Activity: Beneath this line is the data. Output exactly the lines from the line with "mágneses üvegfelület krétamarkerrel" to the line with "Finland. 10 Markkaa, 1913-S.", both ends included, and nothing more.

Available records:
━━━━━━

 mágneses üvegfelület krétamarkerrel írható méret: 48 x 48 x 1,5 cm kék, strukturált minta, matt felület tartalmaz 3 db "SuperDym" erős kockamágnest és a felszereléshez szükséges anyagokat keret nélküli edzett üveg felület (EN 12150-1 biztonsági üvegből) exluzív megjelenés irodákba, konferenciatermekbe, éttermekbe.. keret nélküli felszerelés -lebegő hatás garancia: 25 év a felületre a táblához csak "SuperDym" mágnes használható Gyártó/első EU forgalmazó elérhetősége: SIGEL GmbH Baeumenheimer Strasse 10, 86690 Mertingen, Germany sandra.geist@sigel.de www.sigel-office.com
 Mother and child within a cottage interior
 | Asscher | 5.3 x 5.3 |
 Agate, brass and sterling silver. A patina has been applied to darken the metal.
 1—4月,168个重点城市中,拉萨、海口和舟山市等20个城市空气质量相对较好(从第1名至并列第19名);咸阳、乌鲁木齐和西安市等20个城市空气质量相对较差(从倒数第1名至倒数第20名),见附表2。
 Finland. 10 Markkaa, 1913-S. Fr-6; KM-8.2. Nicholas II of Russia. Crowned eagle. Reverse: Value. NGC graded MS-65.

━━━━━━

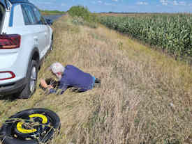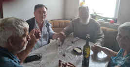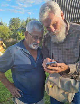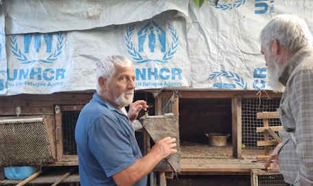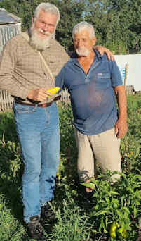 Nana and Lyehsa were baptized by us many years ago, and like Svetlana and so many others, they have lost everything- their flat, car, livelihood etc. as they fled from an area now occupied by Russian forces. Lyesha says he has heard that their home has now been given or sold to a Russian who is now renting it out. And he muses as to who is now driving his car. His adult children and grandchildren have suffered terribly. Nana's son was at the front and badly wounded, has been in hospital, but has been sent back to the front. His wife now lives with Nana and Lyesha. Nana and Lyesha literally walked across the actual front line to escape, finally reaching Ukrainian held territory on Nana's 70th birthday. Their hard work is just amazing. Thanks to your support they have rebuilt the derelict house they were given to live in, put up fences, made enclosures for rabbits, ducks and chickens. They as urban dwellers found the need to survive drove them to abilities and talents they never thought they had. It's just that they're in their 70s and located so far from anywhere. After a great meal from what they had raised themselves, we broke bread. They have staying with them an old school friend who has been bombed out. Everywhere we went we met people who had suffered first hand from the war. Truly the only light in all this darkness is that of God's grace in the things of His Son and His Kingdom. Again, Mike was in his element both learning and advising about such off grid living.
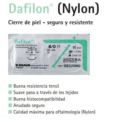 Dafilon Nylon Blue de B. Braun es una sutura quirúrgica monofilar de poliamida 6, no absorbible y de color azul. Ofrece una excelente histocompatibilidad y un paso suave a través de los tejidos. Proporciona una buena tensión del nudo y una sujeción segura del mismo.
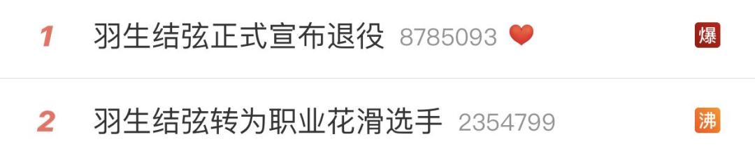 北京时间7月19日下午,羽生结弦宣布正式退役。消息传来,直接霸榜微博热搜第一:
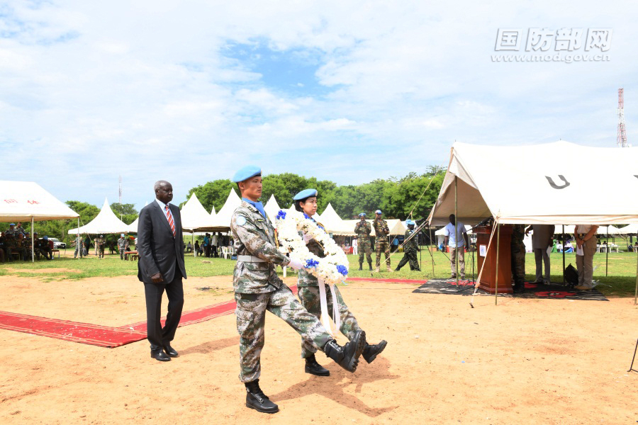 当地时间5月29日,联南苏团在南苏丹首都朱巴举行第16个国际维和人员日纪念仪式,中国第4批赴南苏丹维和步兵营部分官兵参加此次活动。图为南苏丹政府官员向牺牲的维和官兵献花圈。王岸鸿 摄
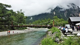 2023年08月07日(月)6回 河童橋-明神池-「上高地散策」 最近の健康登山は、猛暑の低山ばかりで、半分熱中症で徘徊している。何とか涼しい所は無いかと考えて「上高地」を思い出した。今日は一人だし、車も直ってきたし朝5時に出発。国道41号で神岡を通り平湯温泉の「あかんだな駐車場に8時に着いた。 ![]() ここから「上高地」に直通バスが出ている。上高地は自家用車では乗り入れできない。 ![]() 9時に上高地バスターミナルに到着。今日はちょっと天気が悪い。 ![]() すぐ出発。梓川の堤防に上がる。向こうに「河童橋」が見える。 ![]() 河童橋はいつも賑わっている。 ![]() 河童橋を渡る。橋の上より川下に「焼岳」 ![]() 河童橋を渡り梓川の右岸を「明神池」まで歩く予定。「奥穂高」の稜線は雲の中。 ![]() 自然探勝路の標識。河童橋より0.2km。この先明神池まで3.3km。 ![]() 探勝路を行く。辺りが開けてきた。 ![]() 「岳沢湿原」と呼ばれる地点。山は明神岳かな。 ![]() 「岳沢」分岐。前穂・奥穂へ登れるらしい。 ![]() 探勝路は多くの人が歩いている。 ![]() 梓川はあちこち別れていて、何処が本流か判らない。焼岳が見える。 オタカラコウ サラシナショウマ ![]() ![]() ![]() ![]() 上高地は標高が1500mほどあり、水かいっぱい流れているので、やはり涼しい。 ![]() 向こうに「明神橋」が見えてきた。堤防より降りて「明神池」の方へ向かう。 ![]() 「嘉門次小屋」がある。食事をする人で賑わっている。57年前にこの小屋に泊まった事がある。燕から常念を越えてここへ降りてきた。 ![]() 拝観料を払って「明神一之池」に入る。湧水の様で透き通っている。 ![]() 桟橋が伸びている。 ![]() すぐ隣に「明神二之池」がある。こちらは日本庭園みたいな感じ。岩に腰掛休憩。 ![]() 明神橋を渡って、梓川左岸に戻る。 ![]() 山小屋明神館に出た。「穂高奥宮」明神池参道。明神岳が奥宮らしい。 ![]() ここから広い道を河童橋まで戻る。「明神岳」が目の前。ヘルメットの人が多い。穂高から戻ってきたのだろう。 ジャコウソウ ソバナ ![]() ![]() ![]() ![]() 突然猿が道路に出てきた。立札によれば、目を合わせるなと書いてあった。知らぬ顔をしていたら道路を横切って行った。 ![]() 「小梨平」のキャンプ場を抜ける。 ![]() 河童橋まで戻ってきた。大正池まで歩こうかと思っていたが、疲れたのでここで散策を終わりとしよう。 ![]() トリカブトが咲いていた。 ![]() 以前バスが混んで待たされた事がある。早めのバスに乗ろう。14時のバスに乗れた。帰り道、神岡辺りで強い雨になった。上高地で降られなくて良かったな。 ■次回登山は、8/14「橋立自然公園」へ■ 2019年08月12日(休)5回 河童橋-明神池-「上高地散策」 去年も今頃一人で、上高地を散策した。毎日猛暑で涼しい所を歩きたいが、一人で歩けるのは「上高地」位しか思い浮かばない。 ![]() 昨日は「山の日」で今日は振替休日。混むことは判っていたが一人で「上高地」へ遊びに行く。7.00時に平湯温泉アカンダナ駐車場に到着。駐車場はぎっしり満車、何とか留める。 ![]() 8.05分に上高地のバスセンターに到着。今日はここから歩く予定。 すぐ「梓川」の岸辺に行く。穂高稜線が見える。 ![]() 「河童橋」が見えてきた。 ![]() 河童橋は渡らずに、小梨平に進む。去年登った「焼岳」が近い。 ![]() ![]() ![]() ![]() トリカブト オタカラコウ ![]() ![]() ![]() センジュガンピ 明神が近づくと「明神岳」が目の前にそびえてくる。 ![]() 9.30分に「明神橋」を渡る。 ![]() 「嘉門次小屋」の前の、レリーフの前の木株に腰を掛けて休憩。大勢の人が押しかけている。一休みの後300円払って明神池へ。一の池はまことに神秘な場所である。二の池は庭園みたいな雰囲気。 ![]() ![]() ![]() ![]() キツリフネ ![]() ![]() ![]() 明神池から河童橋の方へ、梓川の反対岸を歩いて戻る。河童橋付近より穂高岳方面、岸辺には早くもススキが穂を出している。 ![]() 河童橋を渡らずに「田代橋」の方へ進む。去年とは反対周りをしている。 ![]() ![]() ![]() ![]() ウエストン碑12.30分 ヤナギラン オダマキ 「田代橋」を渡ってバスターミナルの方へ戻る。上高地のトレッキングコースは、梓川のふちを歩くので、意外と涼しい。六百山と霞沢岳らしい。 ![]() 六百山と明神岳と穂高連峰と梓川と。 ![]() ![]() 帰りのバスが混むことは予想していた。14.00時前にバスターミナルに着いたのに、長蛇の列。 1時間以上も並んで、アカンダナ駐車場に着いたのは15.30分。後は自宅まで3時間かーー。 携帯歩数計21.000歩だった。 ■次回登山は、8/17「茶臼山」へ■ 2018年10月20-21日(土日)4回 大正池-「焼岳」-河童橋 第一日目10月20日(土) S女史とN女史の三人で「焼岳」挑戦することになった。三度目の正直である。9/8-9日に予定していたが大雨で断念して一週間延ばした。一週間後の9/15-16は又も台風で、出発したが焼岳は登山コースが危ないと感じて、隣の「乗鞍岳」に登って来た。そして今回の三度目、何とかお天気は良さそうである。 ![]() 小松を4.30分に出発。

━━━━━━

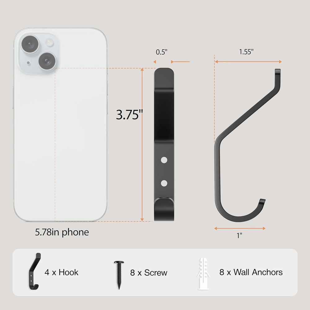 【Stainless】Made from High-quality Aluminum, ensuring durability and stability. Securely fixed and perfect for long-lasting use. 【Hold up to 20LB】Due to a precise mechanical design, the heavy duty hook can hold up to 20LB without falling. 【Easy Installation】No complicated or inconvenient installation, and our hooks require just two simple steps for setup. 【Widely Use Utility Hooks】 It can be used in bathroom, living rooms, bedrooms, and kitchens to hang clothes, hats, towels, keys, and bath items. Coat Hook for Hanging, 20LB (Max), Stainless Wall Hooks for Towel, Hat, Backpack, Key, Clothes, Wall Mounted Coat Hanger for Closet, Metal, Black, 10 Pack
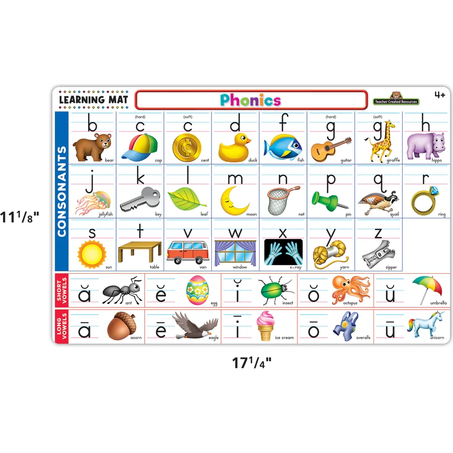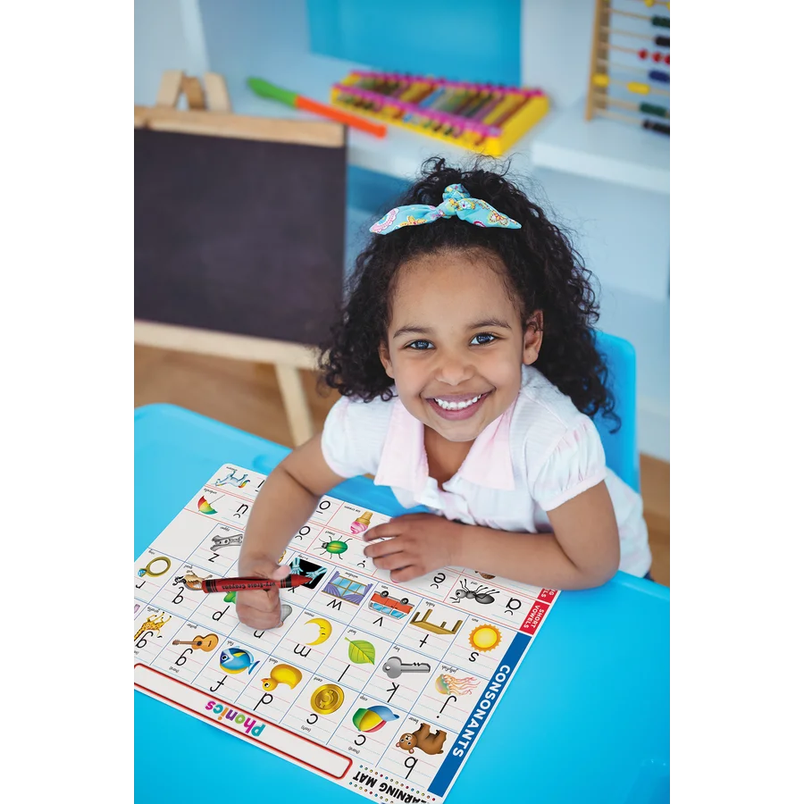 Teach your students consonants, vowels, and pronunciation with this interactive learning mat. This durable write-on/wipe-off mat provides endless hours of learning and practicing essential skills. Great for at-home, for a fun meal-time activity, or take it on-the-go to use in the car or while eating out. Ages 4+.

━━━━━━

Task output:
 mágneses üvegfelület krétamarkerrel írható méret: 48 x 48 x 1,5 cm kék, strukturált minta, matt felület tartalmaz 3 db "SuperDym" erős kockamágnest és a felszereléshez szükséges anyagokat keret nélküli edzett üveg felület (EN 12150-1 biztonsági üvegből) exluzív megjelenés irodákba, konferenciatermekbe, éttermekbe.. keret nélküli felszerelés -lebegő hatás garancia: 25 év a felületre a táblához csak "SuperDym" mágnes használható Gyártó/első EU forgalmazó elérhetősége: SIGEL GmbH Baeumenheimer Strasse 10, 86690 Mertingen, Germany sandra.geist@sigel.de www.sigel-office.com
 Mother and child within a cottage interior
 | Asscher | 5.3 x 5.3 |
 Agate, brass and sterling silver. A patina has been applied to darken the metal.
 1—4月,168个重点城市中,拉萨、海口和舟山市等20个城市空气质量相对较好(从第1名至并列第19名);咸阳、乌鲁木齐和西安市等20个城市空气质量相对较差(从倒数第1名至倒数第20名),见附表2。
 Finland. 10 Markkaa, 1913-S. Fr-6; KM-8.2. Nicholas II of Russia. Crowned eagle. Reverse: Value. NGC graded MS-65.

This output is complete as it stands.